Problem requirements: Your answer must match the records word for word and contain no pictures.

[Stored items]

"""

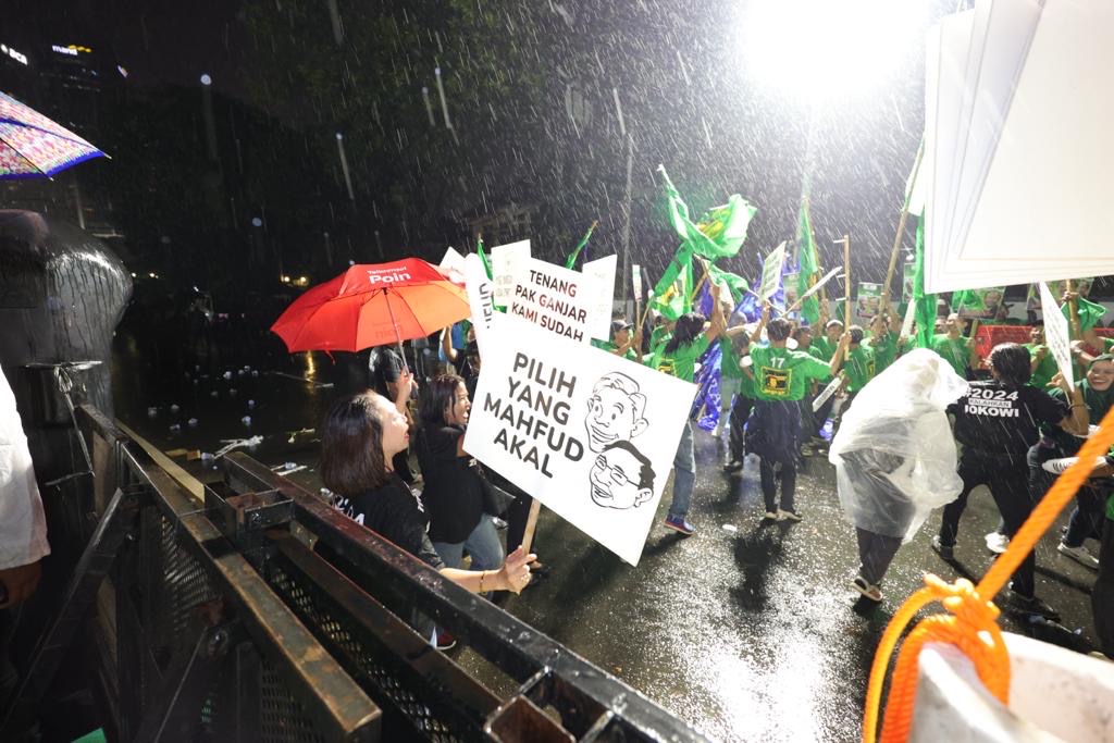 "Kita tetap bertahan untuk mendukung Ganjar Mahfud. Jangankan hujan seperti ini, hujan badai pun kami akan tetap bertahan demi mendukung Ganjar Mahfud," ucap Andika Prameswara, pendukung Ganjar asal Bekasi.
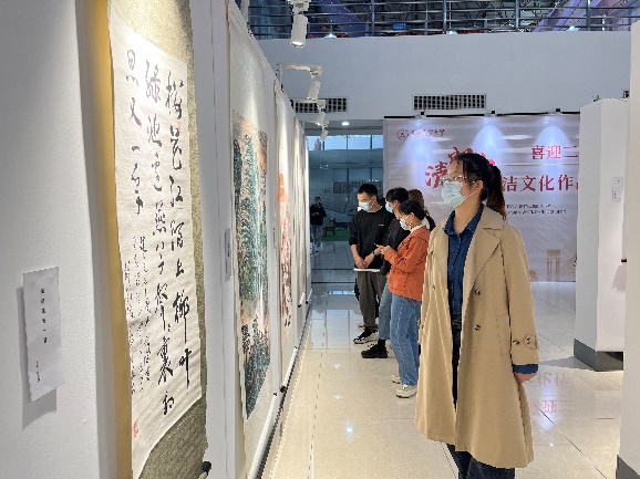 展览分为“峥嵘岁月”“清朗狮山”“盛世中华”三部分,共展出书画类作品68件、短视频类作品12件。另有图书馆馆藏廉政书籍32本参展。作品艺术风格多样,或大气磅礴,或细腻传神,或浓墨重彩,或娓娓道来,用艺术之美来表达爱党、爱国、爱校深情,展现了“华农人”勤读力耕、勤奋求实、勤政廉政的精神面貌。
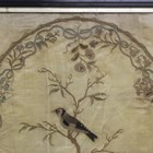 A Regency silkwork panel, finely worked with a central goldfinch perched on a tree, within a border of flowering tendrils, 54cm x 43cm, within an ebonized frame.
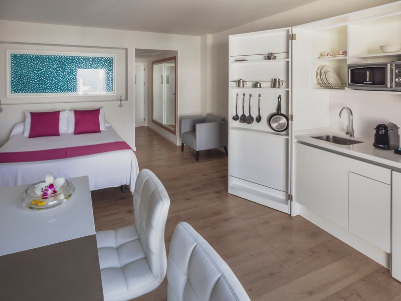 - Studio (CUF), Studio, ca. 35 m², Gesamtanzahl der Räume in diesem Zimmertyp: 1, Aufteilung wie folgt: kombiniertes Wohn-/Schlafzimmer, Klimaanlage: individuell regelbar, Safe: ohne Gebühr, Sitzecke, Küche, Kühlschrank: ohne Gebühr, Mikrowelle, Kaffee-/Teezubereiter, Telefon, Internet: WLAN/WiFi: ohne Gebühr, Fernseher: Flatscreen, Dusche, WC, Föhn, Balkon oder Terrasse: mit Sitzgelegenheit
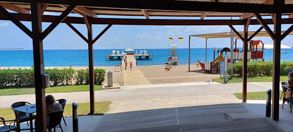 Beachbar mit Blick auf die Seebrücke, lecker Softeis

"""

Response:
 "Kita tetap bertahan untuk mendukung Ganjar Mahfud. Jangankan hujan seperti ini, hujan badai pun kami akan tetap bertahan demi mendukung Ganjar Mahfud," ucap Andika Prameswara, pendukung Ganjar asal Bekasi.
 展览分为“峥嵘岁月”“清朗狮山”“盛世中华”三部分,共展出书画类作品68件、短视频类作品12件。另有图书馆馆藏廉政书籍32本参展。作品艺术风格多样,或大气磅礴,或细腻传神,或浓墨重彩,或娓娓道来,用艺术之美来表达爱党、爱国、爱校深情,展现了“华农人”勤读力耕、勤奋求实、勤政廉政的精神面貌。
 A Regency silkwork panel, finely worked with a central goldfinch perched on a tree, within a border of flowering tendrils, 54cm x 43cm, within an ebonized frame.
 - Studio (CUF), Studio, ca. 35 m², Gesamtanzahl der Räume in diesem Zimmertyp: 1, Aufteilung wie folgt: kombiniertes Wohn-/Schlafzimmer, Klimaanlage: individuell regelbar, Safe: ohne Gebühr, Sitzecke, Küche, Kühlschrank: ohne Gebühr, Mikrowelle, Kaffee-/Teezubereiter, Telefon, Internet: WLAN/WiFi: ohne Gebühr, Fernseher: Flatscreen, Dusche, WC, Föhn, Balkon oder Terrasse: mit Sitzgelegenheit
 Beachbar mit Blick auf die Seebrücke, lecker Softeis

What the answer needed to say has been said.